Les profits profitent aux profiteurs.

L'argent n'a pas été économisé, il a été perdu. Il a été perdu comme moyen de stimuler l'activité pour s'équiper d'écoles, d'universités, de crèches, de transports en commun, pour produire de manière plus écologique ou encore (par exemple) pour assurer la transition énergétique. Il a contribué à jeter dans la misère les producteurs qui auraient pu porter l'ensemble de ces ambitions.
Cet argent a surtout été perdu pour l'ensemble de l'économie comme prestations sociales, comme salaires hors emploi, comme possibilité de formes de vie sans employeur.

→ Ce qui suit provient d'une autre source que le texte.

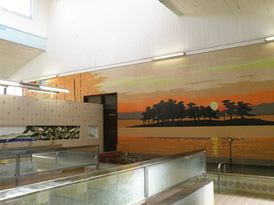 内湯に描かれているタイル絵は、「宍道湖の日の出」

La ponction de 25 milliards (en France) représente plus de 1% du PIB. Comme cette ponction se reproduit chaque année et qu'elle prive de l'économie une masse monétaire perdue dans des coffres de propriétaires lucratifs insatiables, on peut parler de saignée.

Mais sous la houlette des Macrons, les employeurs et leurs actionnaires vont encore proliférer au nom de ... l'emploi et au détriment de l'économie, des salaires hors emploi.

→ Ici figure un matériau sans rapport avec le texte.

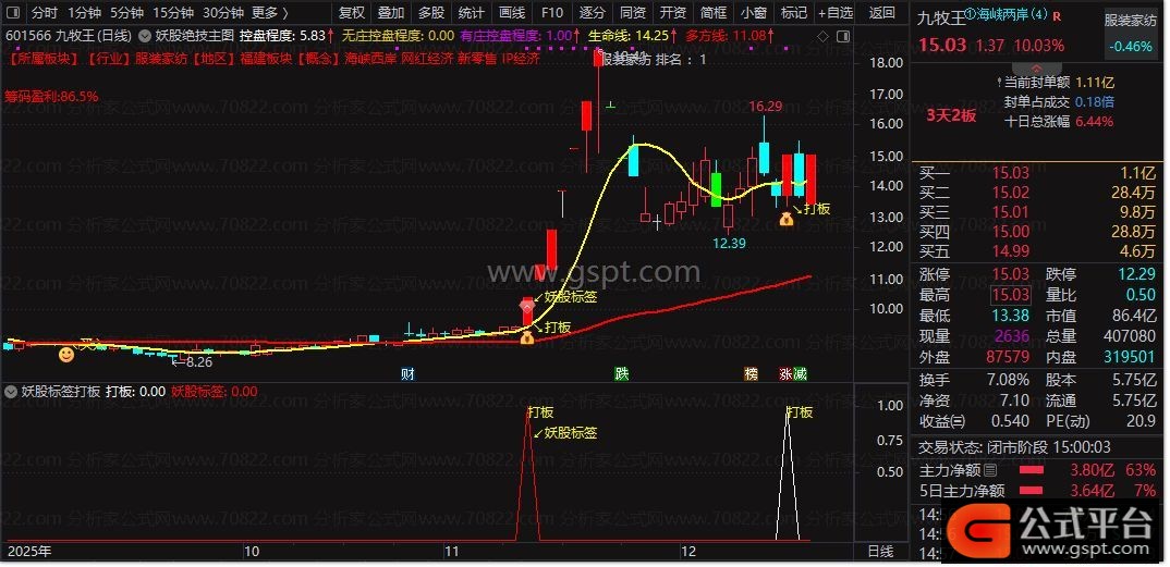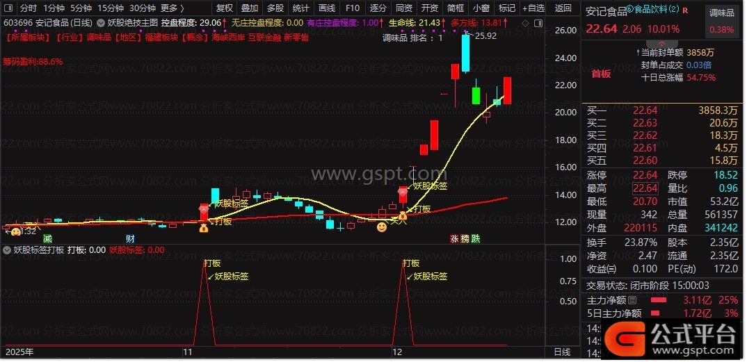 选股公式有2个,分别对应主图文字信号:打板和妖股标签。

Voir l'article de Challenge

Extrait
Les exonérations de cotisations de sécurité sociale ont représenté 27,6 milliards d'euros en 2012 (-2,2% par rapport à 2011), dont 25,6 milliards de cotisations patronales, selon les chiffres publiés vendredi 6 décembre par l'Acoss, la caisse nationale des Urssaf.
Ces exonérations, qui représentent 8,9% du total des cotisations dues aux Urssaf, sont notamment destinées à baisser le coût du travail pour les employeurs. L'Etat compense ce manque à gagner pour la sécurité sociale à hauteur de 90%.
En 2012, le montant global des exonérations est de nouveau en diminution (-2,2%), après une baisse de 5,7% l'année précédente.
Les allègements généraux sur les bas et moyens salaires (inférieurs à 1,6 Smic), mis en place à partir de 1993, représentent 80% de l'ensemble des exonérations. Ils sont en baisse en 2012 (-2,3%), sous l'effet notamment de la modification de la législation relative aux heures supplémentaires.

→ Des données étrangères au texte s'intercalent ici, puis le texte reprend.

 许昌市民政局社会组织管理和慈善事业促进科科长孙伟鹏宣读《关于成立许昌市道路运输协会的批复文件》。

5% de la masse salariale dans le privé

Dans le secteur privé, les exonérations de cotisations représentent 5% de la masse salariale.
Parallèlement, les Urssaf ont encaissé l'année dernière un total de 316,5 milliards d'euros, un chiffre en hausse de 4% par rapport à 2011.
Cette progression fait suite à une augmentation exceptionnelle de 14,3% en 2011, liée notamment au transfert aux Urssaf du recouvrement des contributions d'assurance chômage et de la cotisation au régime de garantie des salaires.